PROBLEM: Repeat each entry below exactly, omitting any picture it holds.

::: DATASET CONTENT :::

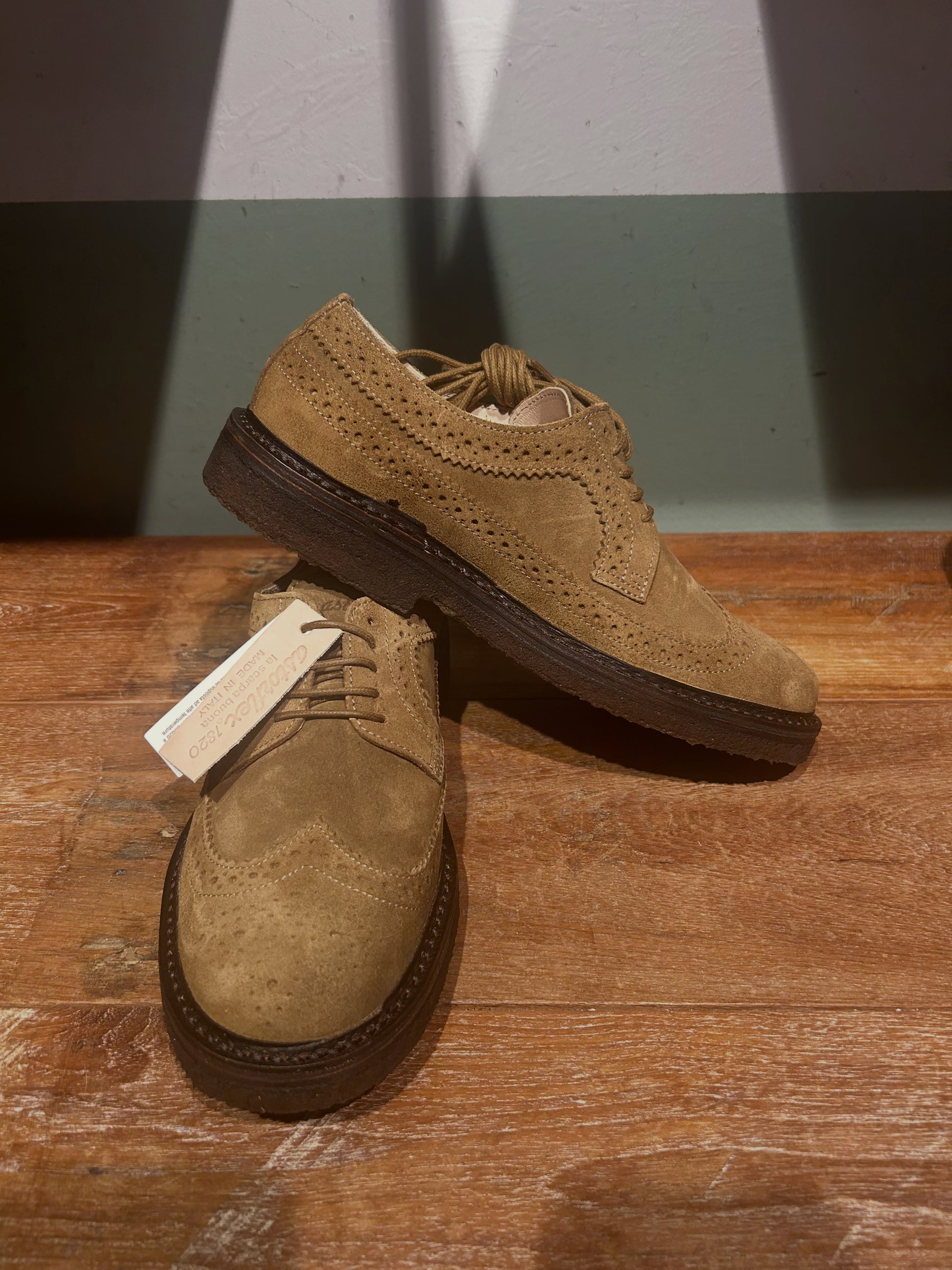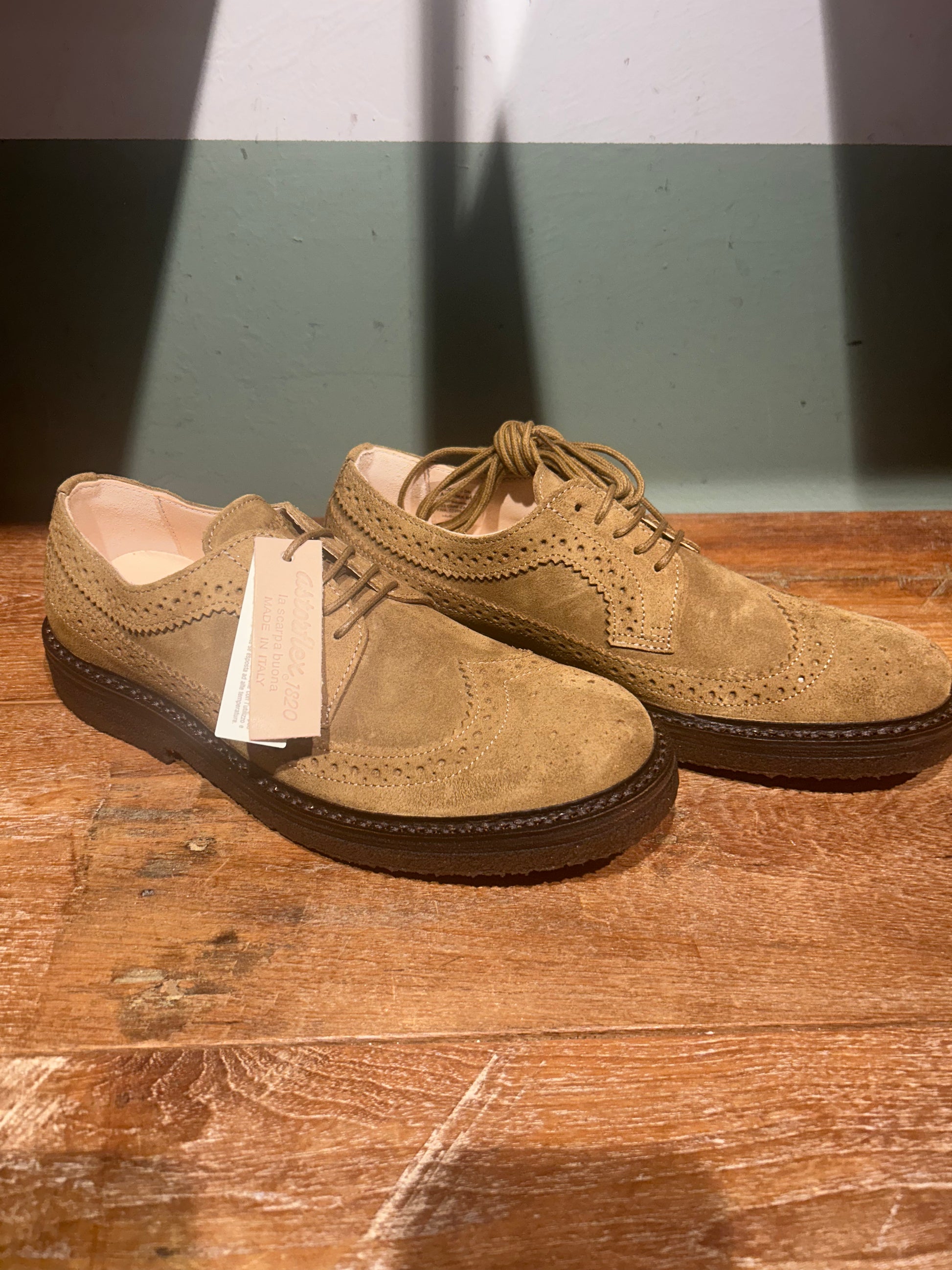 Scarpa in camoscio con fodera 100% vegetale , la suola è realizzata in para ovvero una resina naturale ottenuta dalle piante
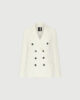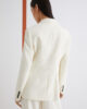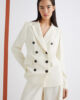 Ta dvoredni krojeni suknjič se odlikuje po svojem drznem značaju in metropolitanskem vzdušju. Sijajen pridih satena na izrezu spominja na eleganco smokinga in ustvarja model, ki ga boste nosili znova in znova s hlačami in krili v tonu.
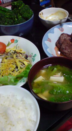 手前右。炒め物に使う気満々だったはくさいなだけど、結局味噌汁の具に。青菜とお豆腐しか入ってないのに妙に具沢山。まあいいか、おいしく飲めましたw
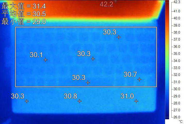 表面温度如上图所示,由于键盘可拆卸且远离热源,整个键盘面的温度都很低,只有30℃左右。
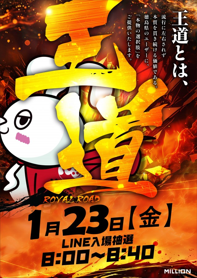 LINE入場抽選を採用しております。8:00~8:40に立体駐車場1Fにて受付致します。まずは、ミリオン中吉野店のLINEおともだち登録をして、LINEメニューから顔写真登録をお願いします。ご不明点はお気軽にスタッフまでお問い合わせください。 |
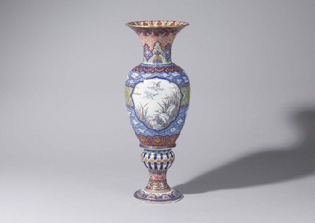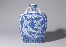 - Vase with design of reed and white heron in underglaze blue and overglaze enamels
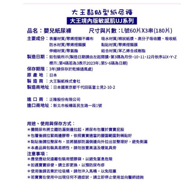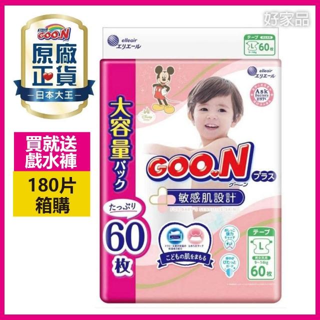日本大王GOO.N 大王 日本境內版 敏感肌UJ系列 黏貼型尿布 L 180片 好家品
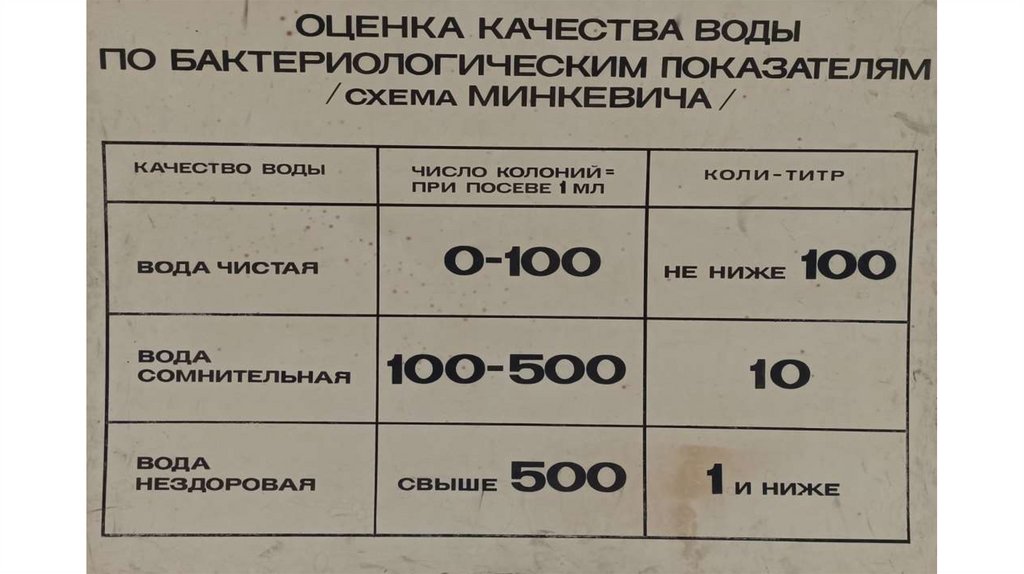 1. Общее микробное число воды не должно превышать 100 микробов в 1 мл исследуемой
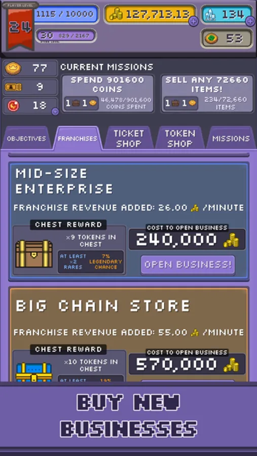 Franchise old businesses to improve profits, get passive income, and reap great loot. Every business that you grow from the ground up can then be franchised off to improve your future businesses. You’ll also unlock new upgradable items that improve your business even further!
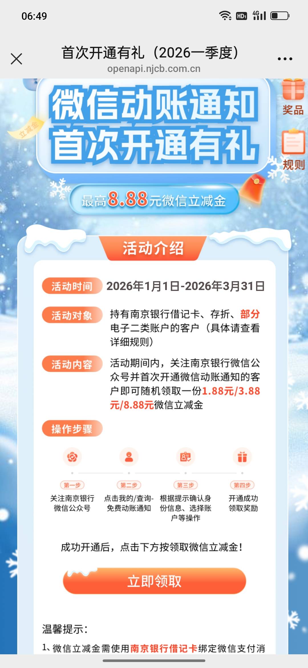 南京银行微信动账通知开通有礼活动
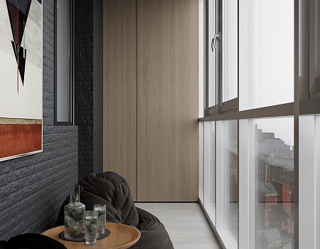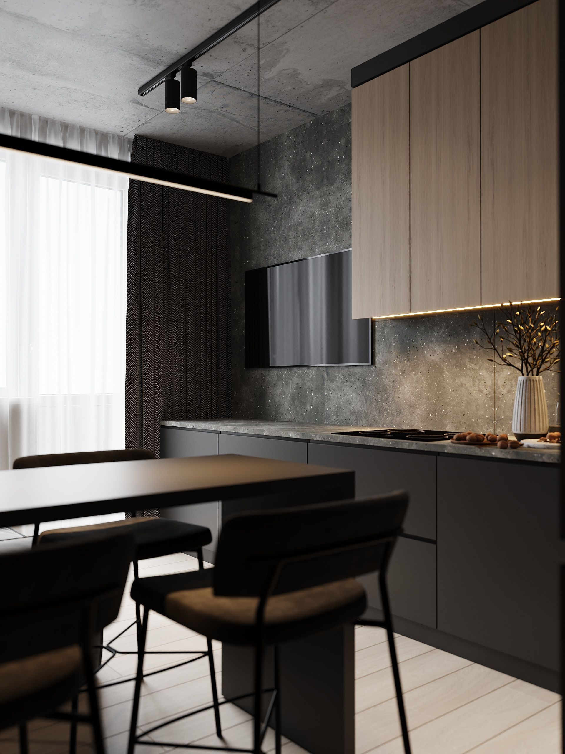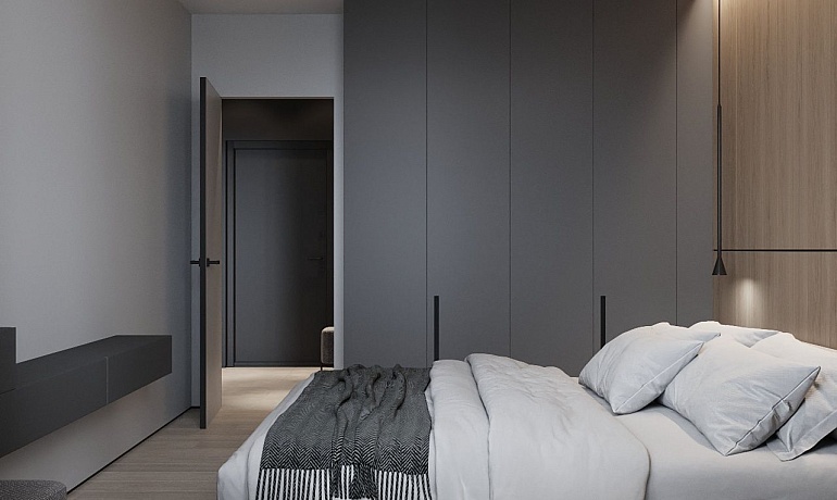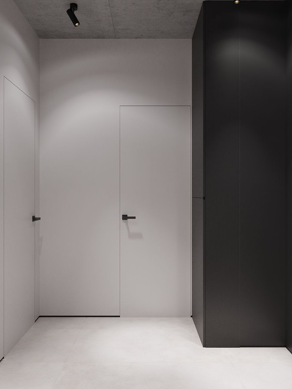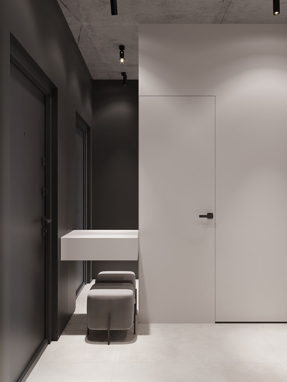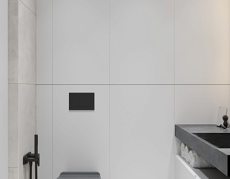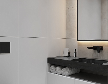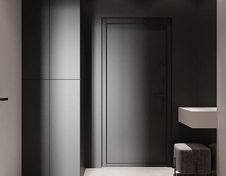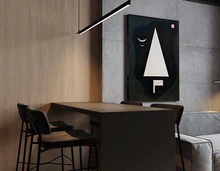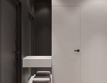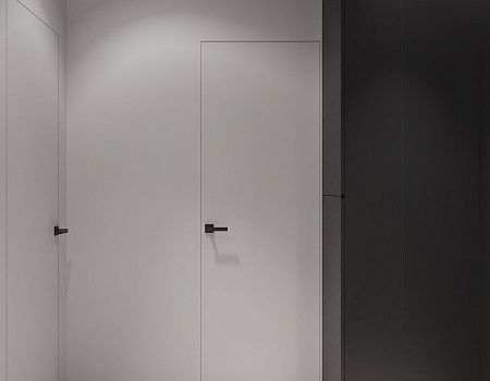 Пространство соединило в себе новейшие технологии и актуальные интерьерные решения: например, отделку стен и потолка под бетон в стиле лофт, двери скрытого монтажа, большое количество групп света и современные коммуникации.
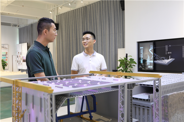 ▲夏丰勇(右)在深中通道管理中心展厅与同事交流。
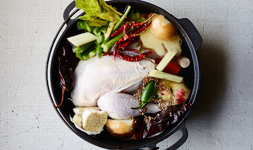 Place chicken, celery, onion, cilantro, carrots, lemongrass, chiles de árbol, guajillo chiles, jalapeños, garlic, ginger, bay leaves, and coriander in a large stockpot. Add cold water to cover, then bring to a boil over medium heat. Reduce heat and simmer, occasionally skimming fat and foam from surface, 30 minutes. Transfer chicken to a rimmed baking sheet; simmer stock 30 minutes longer.
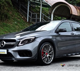 A client of which had paid us a visit was well versed with our social media activities. He spotted a handful of conversions done on Mercedes-Benz GLA vehicles of which featured various Vorsteiner wheel designs and with all that seen, he excitedly took the plunge and paid us a visit to have a look at the wheel designs that would look great on his GLA45!
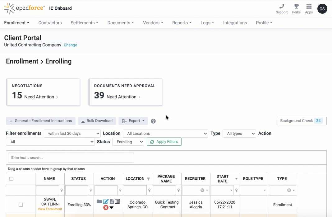 To fix this, we’re adding some easy-to-use dropdown filters right above the contractor and enrollment grids. You can filter by date (we’ll automatically filter to the last 30 days for enrollments), location, enrollment type, action and status. All you need to do is select from the dropdowns and click the “Filter results” button.

:::

ANSWER AREA:
 Scarpa in camoscio con fodera 100% vegetale , la suola è realizzata in para ovvero una resina naturale ottenuta dalle piante
 Ta dvoredni krojeni suknjič se odlikuje po svojem drznem značaju in metropolitanskem vzdušju. Sijajen pridih satena na izrezu spominja na eleganco smokinga in ustvarja model, ki ga boste nosili znova in znova s hlačami in krili v tonu.
 手前右。炒め物に使う気満々だったはくさいなだけど、結局味噌汁の具に。青菜とお豆腐しか入ってないのに妙に具沢山。まあいいか、おいしく飲めましたw
 表面温度如上图所示,由于键盘可拆卸且远离热源,整个键盘面的温度都很低,只有30℃左右。
 LINE入場抽選を採用しております。8:00~8:40に立体駐車場1Fにて受付致します。まずは、ミリオン中吉野店のLINEおともだち登録をして、LINEメニューから顔写真登録をお願いします。ご不明点はお気軽にスタッフまでお問い合わせください。 |
 - Vase with design of reed and white heron in underglaze blue and overglaze enamels
日本大王GOO.N 大王 日本境內版 敏感肌UJ系列 黏貼型尿布 L 180片 好家品
 1. Общее микробное число воды не должно превышать 100 микробов в 1 мл исследуемой
 Franchise old businesses to improve profits, get passive income, and reap great loot. Every business that you grow from the ground up can then be franchised off to improve your future businesses. You’ll also unlock new upgradable items that improve your business even further!
 南京银行微信动账通知开通有礼活动
 Пространство соединило в себе новейшие технологии и актуальные интерьерные решения: например, отделку стен и потолка под бетон в стиле лофт, двери скрытого монтажа, большое количество групп света и современные коммуникации.
 ▲夏丰勇(右)在深中通道管理中心展厅与同事交流。
 Place chicken, celery, onion, cilantro, carrots, lemongrass, chiles de árbol, guajillo chiles, jalapeños, garlic, ginger, bay leaves, and coriander in a large stockpot. Add cold water to cover, then bring to a boil over medium heat. Reduce heat and simmer, occasionally skimming fat and foam from surface, 30 minutes. Transfer chicken to a rimmed baking sheet; simmer stock 30 minutes longer.
 A client of which had paid us a visit was well versed with our social media activities. He spotted a handful of conversions done on Mercedes-Benz GLA vehicles of which featured various Vorsteiner wheel designs and with all that seen, he excitedly took the plunge and paid us a visit to have a look at the wheel designs that would look great on his GLA45!
 To fix this, we’re adding some easy-to-use dropdown filters right above the contractor and enrollment grids. You can filter by date (we’ll automatically filter to the last 30 days for enrollments), location, enrollment type, action and status. All you need to do is select from the dropdowns and click the “Filter results” button.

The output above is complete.